----- Dataset excerpt -----

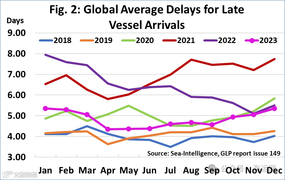 报告指出,2023年12月全球班轮准班率环比下降5.0%,这是自2021年2月以来的最大降幅达到56.8%。这一变化使得2023年12月成为近一年来可靠性第二低的月份。与去年同期相比,2023年12月的班轮准班率仅略高于2022年12月的0.4%。由于环非洲航行的影响,船只到达的平均延误
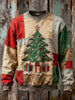 Men's Vintage Christmas Tree Patchwork Print Casual Sweatshirt
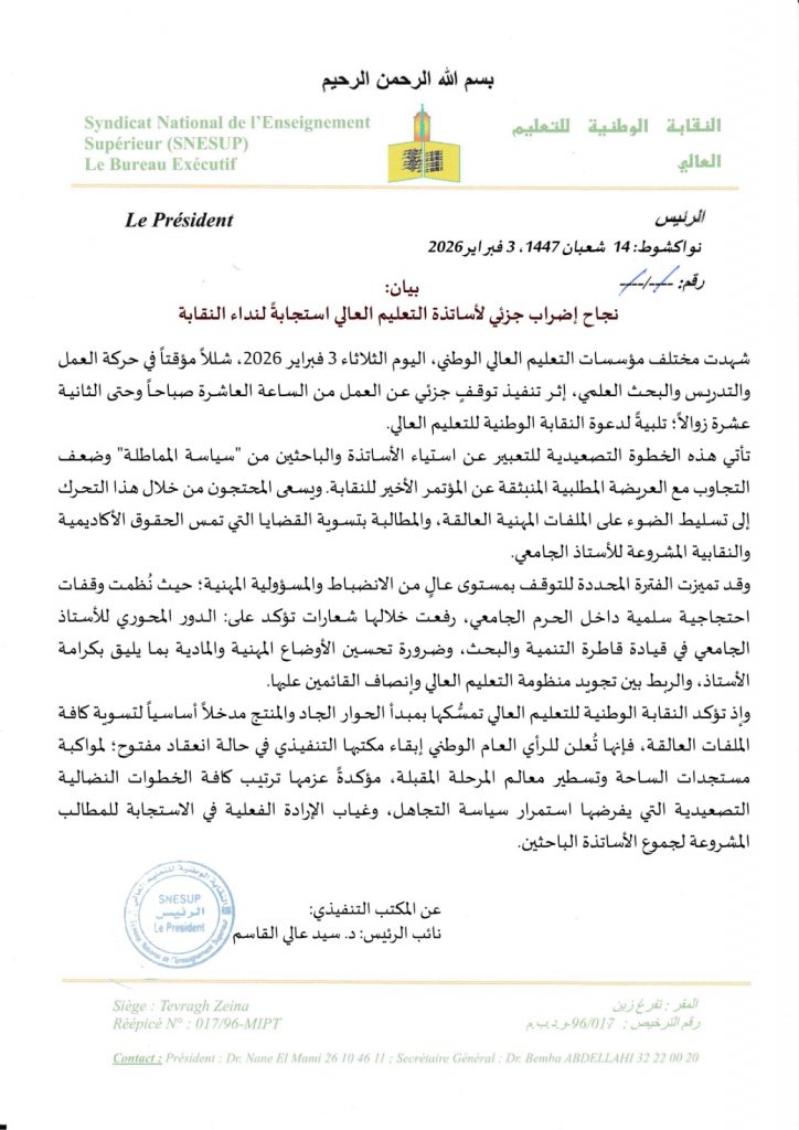 شهدت مختلف مؤسسات التعليم العالي الوطني، اليوم الثلاثاء 3 فبراير 2026، شللاً مؤقتاً في حركة العمل والتدريس والبحث العلمي، إثر تنفيذ توقفٍ جزئي عن العمل من الساعة العاشرة صباحاً وحتى الثانية عشرة زوالاً؛ تلبيةً لدعوة النقابة الوطنية للتعليم العالي.

-----

Work instruction :: Please write every line above out exactly as given, except for any pictures.

Result of the task ::
 报告指出,2023年12月全球班轮准班率环比下降5.0%,这是自2021年2月以来的最大降幅达到56.8%。这一变化使得2023年12月成为近一年来可靠性第二低的月份。与去年同期相比,2023年12月的班轮准班率仅略高于2022年12月的0.4%。由于环非洲航行的影响,船只到达的平均延误
 Men's Vintage Christmas Tree Patchwork Print Casual Sweatshirt
 شهدت مختلف مؤسسات التعليم العالي الوطني، اليوم الثلاثاء 3 فبراير 2026، شللاً مؤقتاً في حركة العمل والتدريس والبحث العلمي، إثر تنفيذ توقفٍ جزئي عن العمل من الساعة العاشرة صباحاً وحتى الثانية عشرة زوالاً؛ تلبيةً لدعوة النقابة الوطنية للتعليم العالي.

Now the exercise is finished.